Since only the words are wanted, reproduce every entry exactly and leave the images behind.
[[ Material provided open ]]
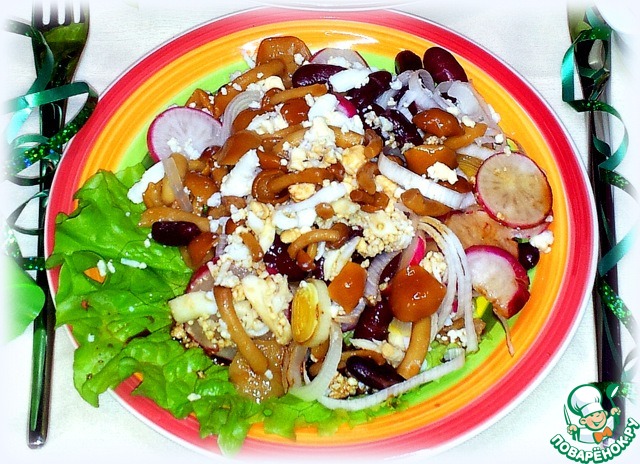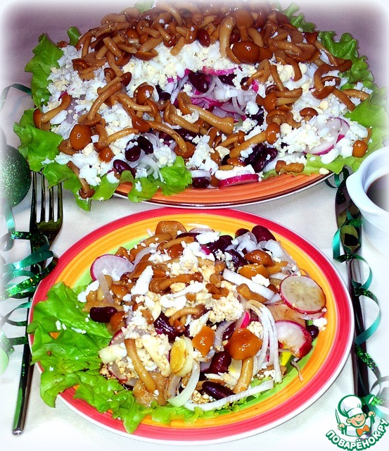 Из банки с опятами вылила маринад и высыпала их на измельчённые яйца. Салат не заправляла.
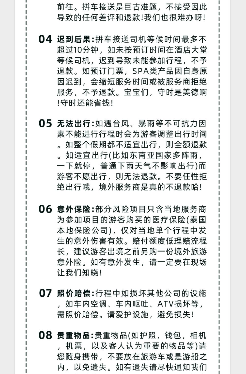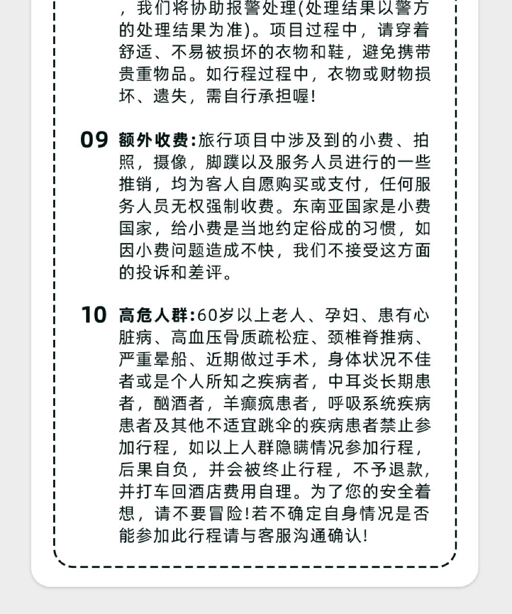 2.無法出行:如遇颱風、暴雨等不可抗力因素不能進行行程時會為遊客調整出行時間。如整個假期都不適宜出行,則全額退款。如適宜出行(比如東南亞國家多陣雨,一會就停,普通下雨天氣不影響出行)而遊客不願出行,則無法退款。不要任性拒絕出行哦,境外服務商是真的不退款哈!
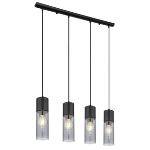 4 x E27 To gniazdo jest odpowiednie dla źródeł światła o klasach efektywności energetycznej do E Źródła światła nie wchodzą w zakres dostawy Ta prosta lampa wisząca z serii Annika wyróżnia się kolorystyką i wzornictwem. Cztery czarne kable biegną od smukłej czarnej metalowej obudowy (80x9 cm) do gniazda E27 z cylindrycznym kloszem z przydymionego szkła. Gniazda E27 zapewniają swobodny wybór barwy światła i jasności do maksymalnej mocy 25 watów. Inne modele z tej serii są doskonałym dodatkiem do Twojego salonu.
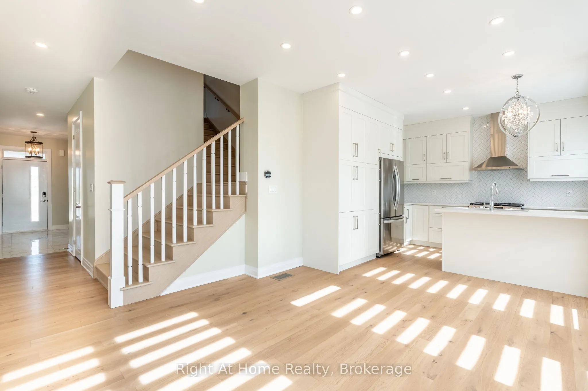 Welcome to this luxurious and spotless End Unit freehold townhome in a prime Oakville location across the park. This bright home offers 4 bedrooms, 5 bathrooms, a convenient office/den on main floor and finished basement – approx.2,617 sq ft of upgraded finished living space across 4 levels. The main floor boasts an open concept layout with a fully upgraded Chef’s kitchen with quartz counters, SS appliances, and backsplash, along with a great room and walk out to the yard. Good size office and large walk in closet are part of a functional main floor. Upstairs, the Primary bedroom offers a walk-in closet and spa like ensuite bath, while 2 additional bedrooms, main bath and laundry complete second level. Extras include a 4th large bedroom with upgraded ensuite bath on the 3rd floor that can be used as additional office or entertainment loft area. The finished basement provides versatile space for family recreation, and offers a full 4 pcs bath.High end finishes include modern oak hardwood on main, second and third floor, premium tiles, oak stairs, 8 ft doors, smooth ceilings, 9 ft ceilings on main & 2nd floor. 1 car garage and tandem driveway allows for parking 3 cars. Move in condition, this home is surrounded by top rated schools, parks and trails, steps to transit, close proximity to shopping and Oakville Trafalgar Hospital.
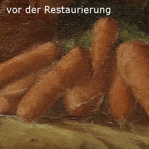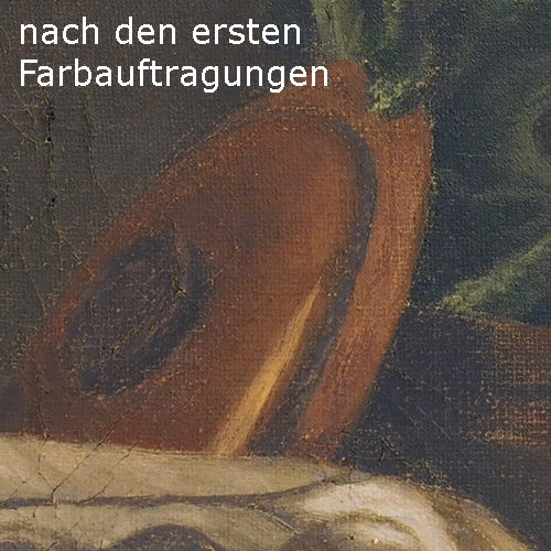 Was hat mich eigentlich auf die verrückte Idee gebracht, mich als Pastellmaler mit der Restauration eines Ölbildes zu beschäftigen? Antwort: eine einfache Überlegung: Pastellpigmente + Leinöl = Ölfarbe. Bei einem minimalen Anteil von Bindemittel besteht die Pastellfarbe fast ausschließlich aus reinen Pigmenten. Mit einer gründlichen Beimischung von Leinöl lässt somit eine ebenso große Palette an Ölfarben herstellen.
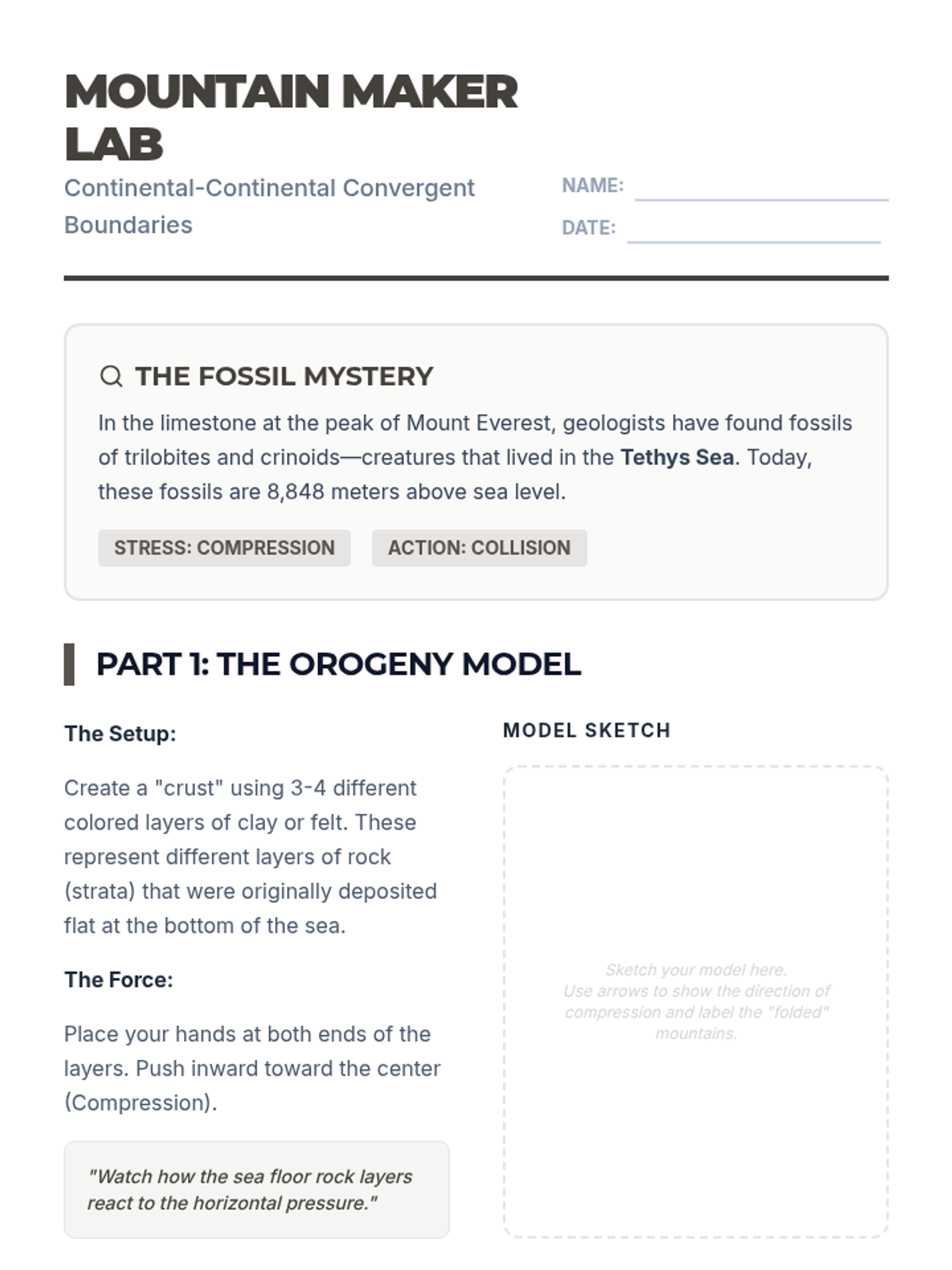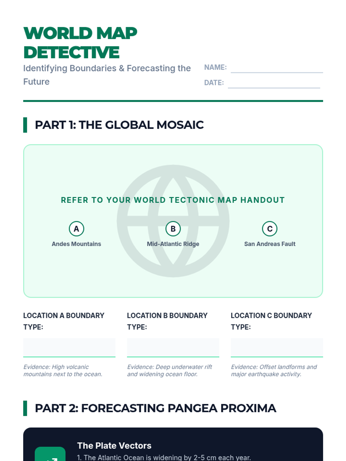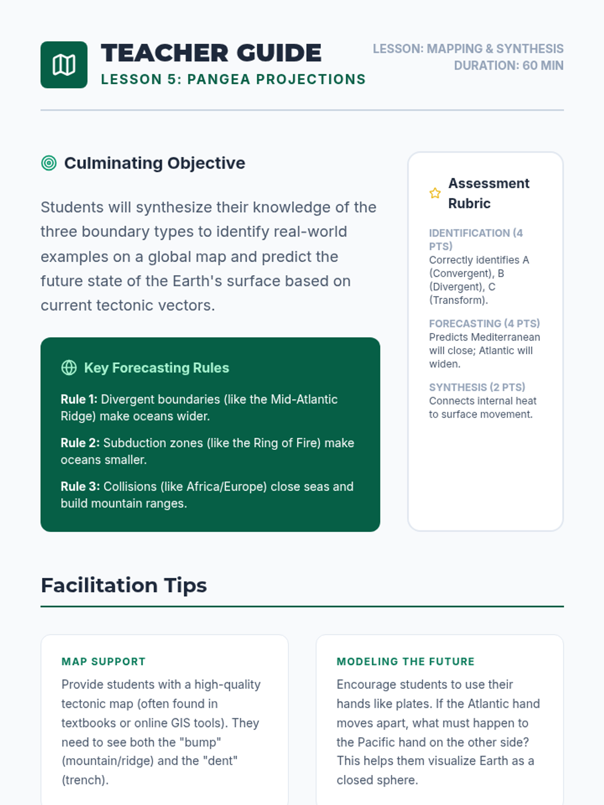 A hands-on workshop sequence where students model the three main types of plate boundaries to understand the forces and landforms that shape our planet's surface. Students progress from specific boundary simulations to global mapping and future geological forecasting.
[[ Material provided closed ]]
> Task response:
 Из банки с опятами вылила маринад и высыпала их на измельчённые яйца. Салат не заправляла.
 2.無法出行:如遇颱風、暴雨等不可抗力因素不能進行行程時會為遊客調整出行時間。如整個假期都不適宜出行,則全額退款。如適宜出行(比如東南亞國家多陣雨,一會就停,普通下雨天氣不影響出行)而遊客不願出行,則無法退款。不要任性拒絕出行哦,境外服務商是真的不退款哈!
 4 x E27 To gniazdo jest odpowiednie dla źródeł światła o klasach efektywności energetycznej do E Źródła światła nie wchodzą w zakres dostawy Ta prosta lampa wisząca z serii Annika wyróżnia się kolorystyką i wzornictwem. Cztery czarne kable biegną od smukłej czarnej metalowej obudowy (80x9 cm) do gniazda E27 z cylindrycznym kloszem z przydymionego szkła. Gniazda E27 zapewniają swobodny wybór barwy światła i jasności do maksymalnej mocy 25 watów. Inne modele z tej serii są doskonałym dodatkiem do Twojego salonu.
 Welcome to this luxurious and spotless End Unit freehold townhome in a prime Oakville location across the park. This bright home offers 4 bedrooms, 5 bathrooms, a convenient office/den on main floor and finished basement – approx.2,617 sq ft of upgraded finished living space across 4 levels. The main floor boasts an open concept layout with a fully upgraded Chef’s kitchen with quartz counters, SS appliances, and backsplash, along with a great room and walk out to the yard. Good size office and large walk in closet are part of a functional main floor. Upstairs, the Primary bedroom offers a walk-in closet and spa like ensuite bath, while 2 additional bedrooms, main bath and laundry complete second level. Extras include a 4th large bedroom with upgraded ensuite bath on the 3rd floor that can be used as additional office or entertainment loft area. The finished basement provides versatile space for family recreation, and offers a full 4 pcs bath.High end finishes include modern oak hardwood on main, second and third floor, premium tiles, oak stairs, 8 ft doors, smooth ceilings, 9 ft ceilings on main & 2nd floor. 1 car garage and tandem driveway allows for parking 3 cars. Move in condition, this home is surrounded by top rated schools, parks and trails, steps to transit, close proximity to shopping and Oakville Trafalgar Hospital.
 Was hat mich eigentlich auf die verrückte Idee gebracht, mich als Pastellmaler mit der Restauration eines Ölbildes zu beschäftigen? Antwort: eine einfache Überlegung: Pastellpigmente + Leinöl = Ölfarbe. Bei einem minimalen Anteil von Bindemittel besteht die Pastellfarbe fast ausschließlich aus reinen Pigmenten. Mit einer gründlichen Beimischung von Leinöl lässt somit eine ebenso große Palette an Ölfarben herstellen.
 A hands-on workshop sequence where students model the three main types of plate boundaries to understand the forces and landforms that shape our planet's surface. Students progress from specific boundary simulations to global mapping and future geological forecasting.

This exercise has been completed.